- Source material -
----

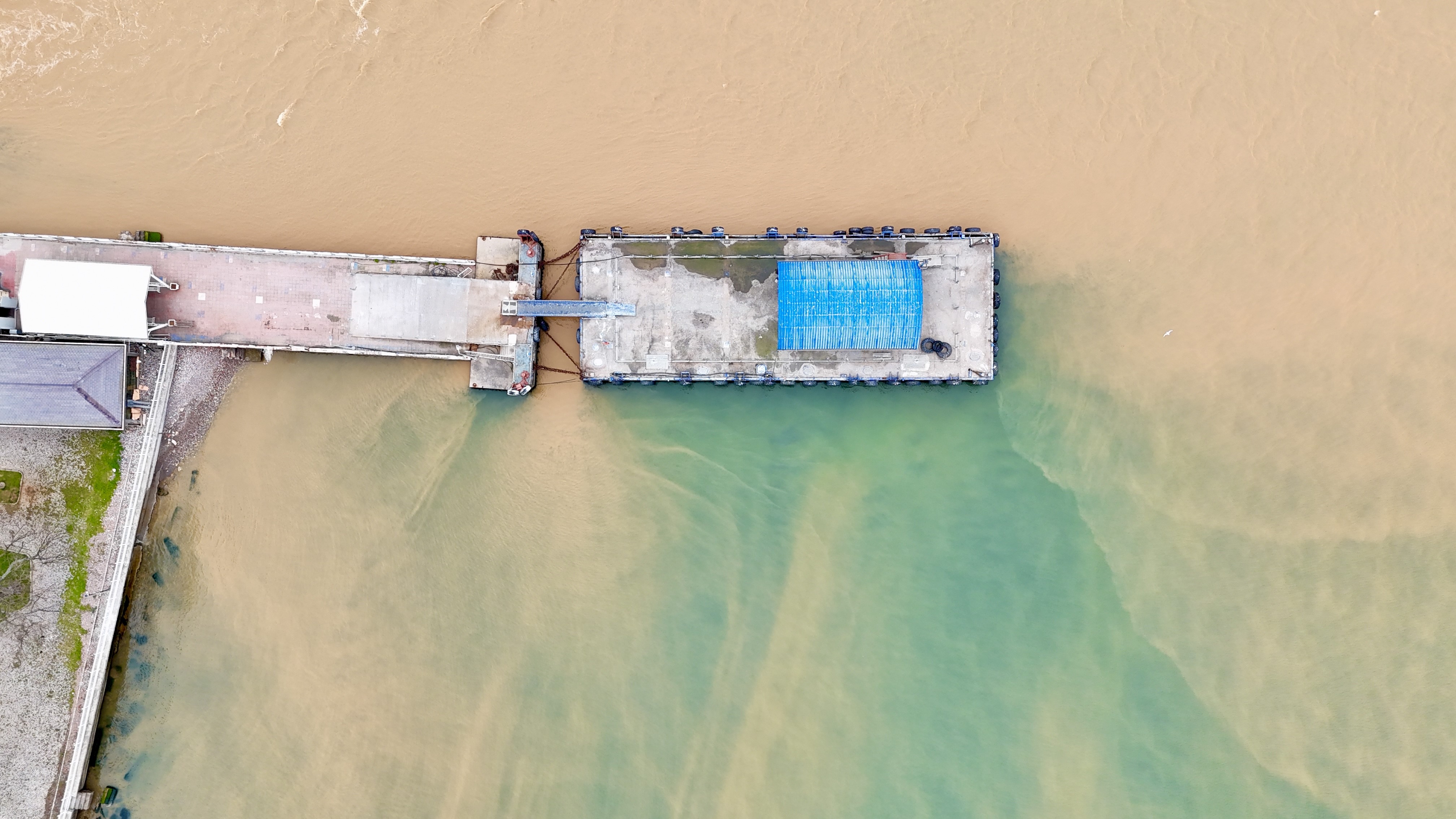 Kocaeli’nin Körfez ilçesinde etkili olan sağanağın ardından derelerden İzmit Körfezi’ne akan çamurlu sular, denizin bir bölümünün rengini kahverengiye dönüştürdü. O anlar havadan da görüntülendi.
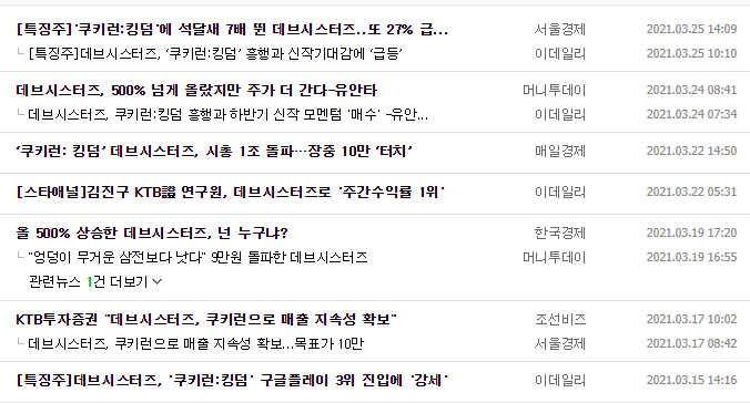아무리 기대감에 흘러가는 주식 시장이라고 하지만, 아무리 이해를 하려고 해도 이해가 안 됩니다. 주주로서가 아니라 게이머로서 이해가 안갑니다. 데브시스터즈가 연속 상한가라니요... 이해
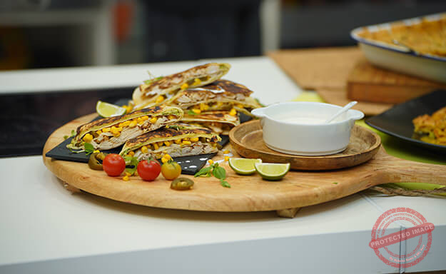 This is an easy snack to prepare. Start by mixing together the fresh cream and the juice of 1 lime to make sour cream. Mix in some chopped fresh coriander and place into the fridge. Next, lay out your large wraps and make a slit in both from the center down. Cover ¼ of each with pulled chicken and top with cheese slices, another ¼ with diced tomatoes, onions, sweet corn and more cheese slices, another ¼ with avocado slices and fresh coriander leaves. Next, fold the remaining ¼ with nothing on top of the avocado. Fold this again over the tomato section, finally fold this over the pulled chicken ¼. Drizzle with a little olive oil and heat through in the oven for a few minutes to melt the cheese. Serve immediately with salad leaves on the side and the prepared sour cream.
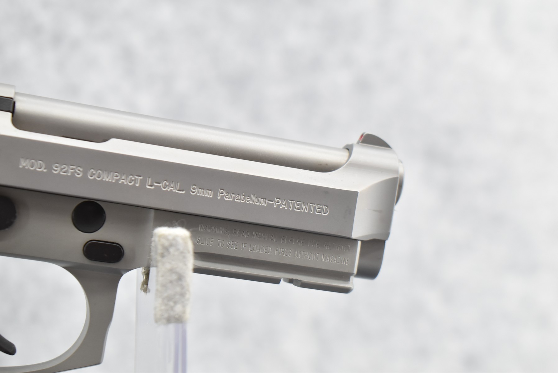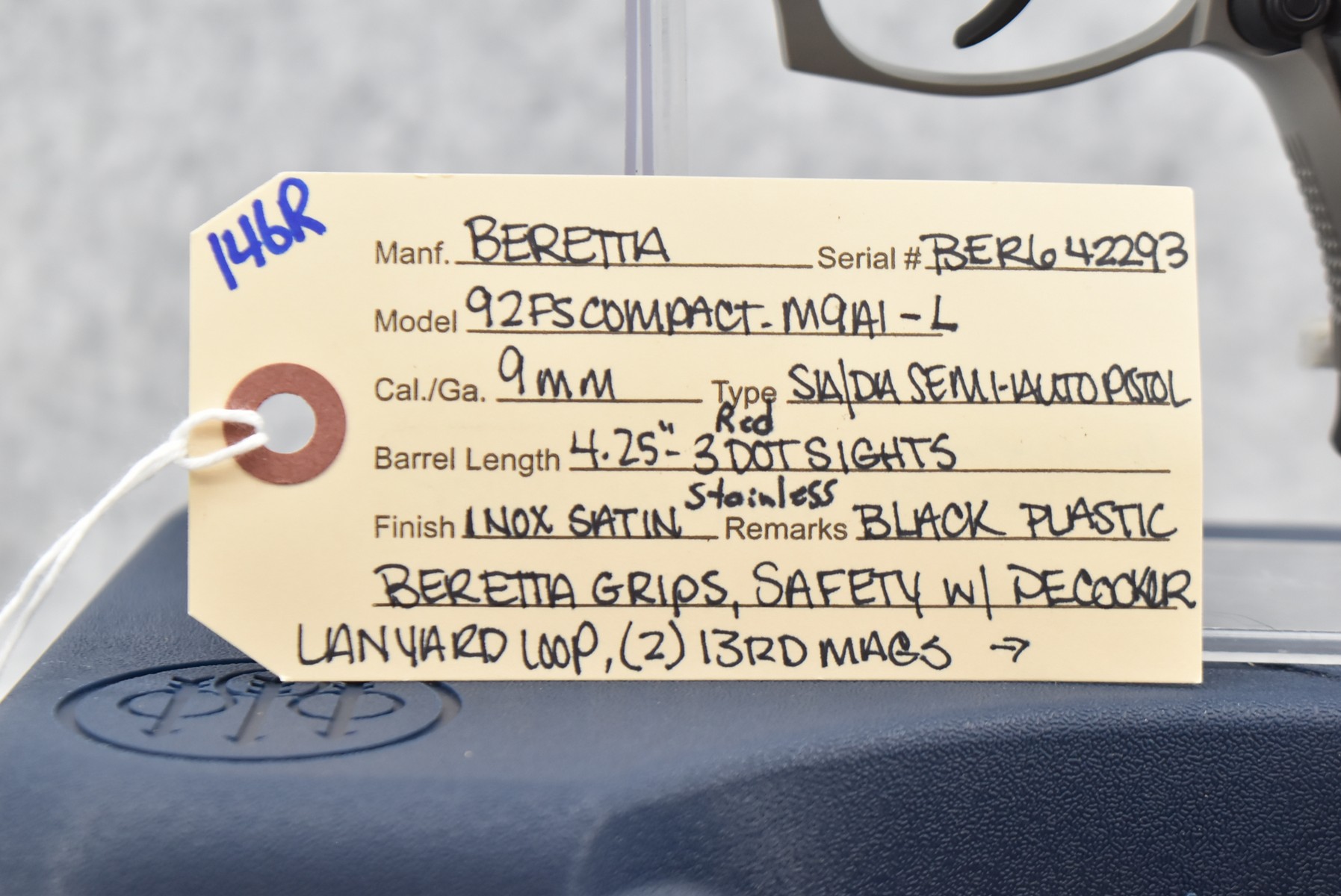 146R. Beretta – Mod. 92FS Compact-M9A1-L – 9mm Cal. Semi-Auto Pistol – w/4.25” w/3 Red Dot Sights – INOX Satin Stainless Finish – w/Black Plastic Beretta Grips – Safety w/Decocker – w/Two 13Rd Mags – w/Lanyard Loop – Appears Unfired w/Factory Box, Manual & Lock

----

- Problem requirements -
Pictures must be left out. Repeat exactly the lines from the one containing "This is an easy" through the final line of the data.

- Output of the task -
 This is an easy snack to prepare. Start by mixing together the fresh cream and the juice of 1 lime to make sour cream. Mix in some chopped fresh coriander and place into the fridge. Next, lay out your large wraps and make a slit in both from the center down. Cover ¼ of each with pulled chicken and top with cheese slices, another ¼ with diced tomatoes, onions, sweet corn and more cheese slices, another ¼ with avocado slices and fresh coriander leaves. Next, fold the remaining ¼ with nothing on top of the avocado. Fold this again over the tomato section, finally fold this over the pulled chicken ¼. Drizzle with a little olive oil and heat through in the oven for a few minutes to melt the cheese. Serve immediately with salad leaves on the side and the prepared sour cream.
 146R. Beretta – Mod. 92FS Compact-M9A1-L – 9mm Cal. Semi-Auto Pistol – w/4.25” w/3 Red Dot Sights – INOX Satin Stainless Finish – w/Black Plastic Beretta Grips – Safety w/Decocker – w/Two 13Rd Mags – w/Lanyard Loop – Appears Unfired w/Factory Box, Manual & Lock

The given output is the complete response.